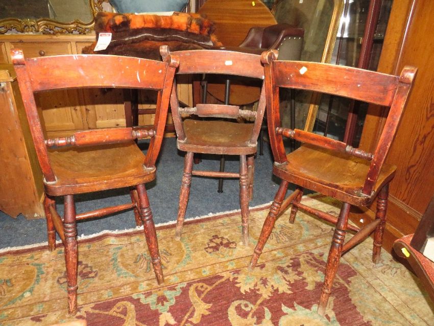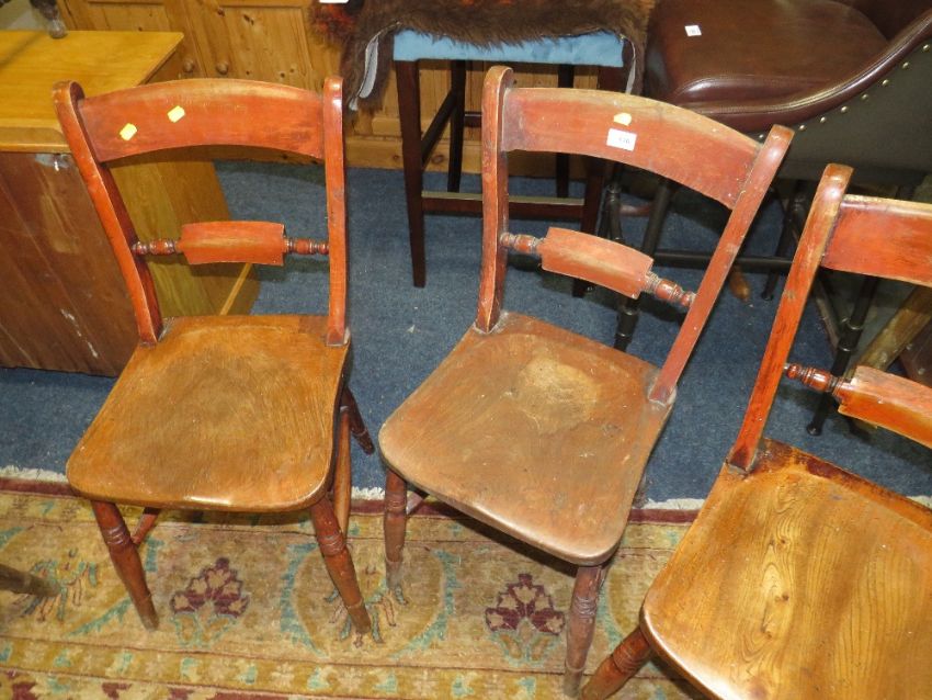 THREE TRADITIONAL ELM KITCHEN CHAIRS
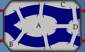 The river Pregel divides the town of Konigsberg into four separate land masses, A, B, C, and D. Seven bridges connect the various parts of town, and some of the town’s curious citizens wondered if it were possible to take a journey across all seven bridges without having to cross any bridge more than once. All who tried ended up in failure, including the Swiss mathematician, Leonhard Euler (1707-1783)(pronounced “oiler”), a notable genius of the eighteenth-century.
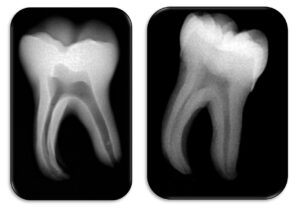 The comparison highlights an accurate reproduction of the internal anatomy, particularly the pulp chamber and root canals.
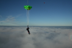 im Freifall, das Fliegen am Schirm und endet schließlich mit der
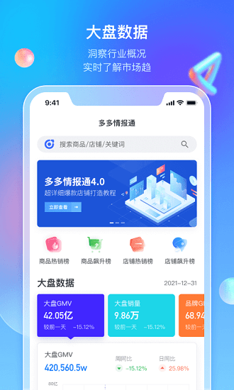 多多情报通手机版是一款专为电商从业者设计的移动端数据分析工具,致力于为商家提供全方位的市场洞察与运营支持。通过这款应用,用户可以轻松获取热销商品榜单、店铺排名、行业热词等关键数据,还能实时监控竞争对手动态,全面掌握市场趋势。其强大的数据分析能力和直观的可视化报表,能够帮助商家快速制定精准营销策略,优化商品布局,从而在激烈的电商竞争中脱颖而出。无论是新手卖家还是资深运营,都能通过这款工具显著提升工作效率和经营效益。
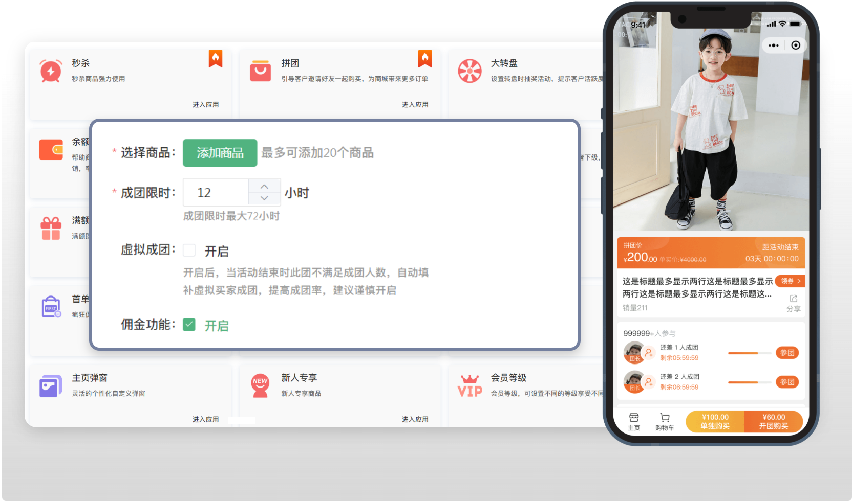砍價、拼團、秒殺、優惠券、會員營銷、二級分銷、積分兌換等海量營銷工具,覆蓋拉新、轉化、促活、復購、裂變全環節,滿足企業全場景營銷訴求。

━━━━━━━━━━

- Exercise
The answer should contain every line of the material exactly as written and no pictures.

- Result of this task
 THREE TRADITIONAL ELM KITCHEN CHAIRS
 The river Pregel divides the town of Konigsberg into four separate land masses, A, B, C, and D. Seven bridges connect the various parts of town, and some of the town’s curious citizens wondered if it were possible to take a journey across all seven bridges without having to cross any bridge more than once. All who tried ended up in failure, including the Swiss mathematician, Leonhard Euler (1707-1783)(pronounced “oiler”), a notable genius of the eighteenth-century.
 The comparison highlights an accurate reproduction of the internal anatomy, particularly the pulp chamber and root canals.
 im Freifall, das Fliegen am Schirm und endet schließlich mit der
 多多情报通手机版是一款专为电商从业者设计的移动端数据分析工具,致力于为商家提供全方位的市场洞察与运营支持。通过这款应用,用户可以轻松获取热销商品榜单、店铺排名、行业热词等关键数据,还能实时监控竞争对手动态,全面掌握市场趋势。其强大的数据分析能力和直观的可视化报表,能够帮助商家快速制定精准营销策略,优化商品布局,从而在激烈的电商竞争中脱颖而出。无论是新手卖家还是资深运营,都能通过这款工具显著提升工作效率和经营效益。
砍價、拼團、秒殺、優惠券、會員營銷、二級分銷、積分兌換等海量營銷工具,覆蓋拉新、轉化、促活、復購、裂變全環節,滿足企業全場景營銷訴求。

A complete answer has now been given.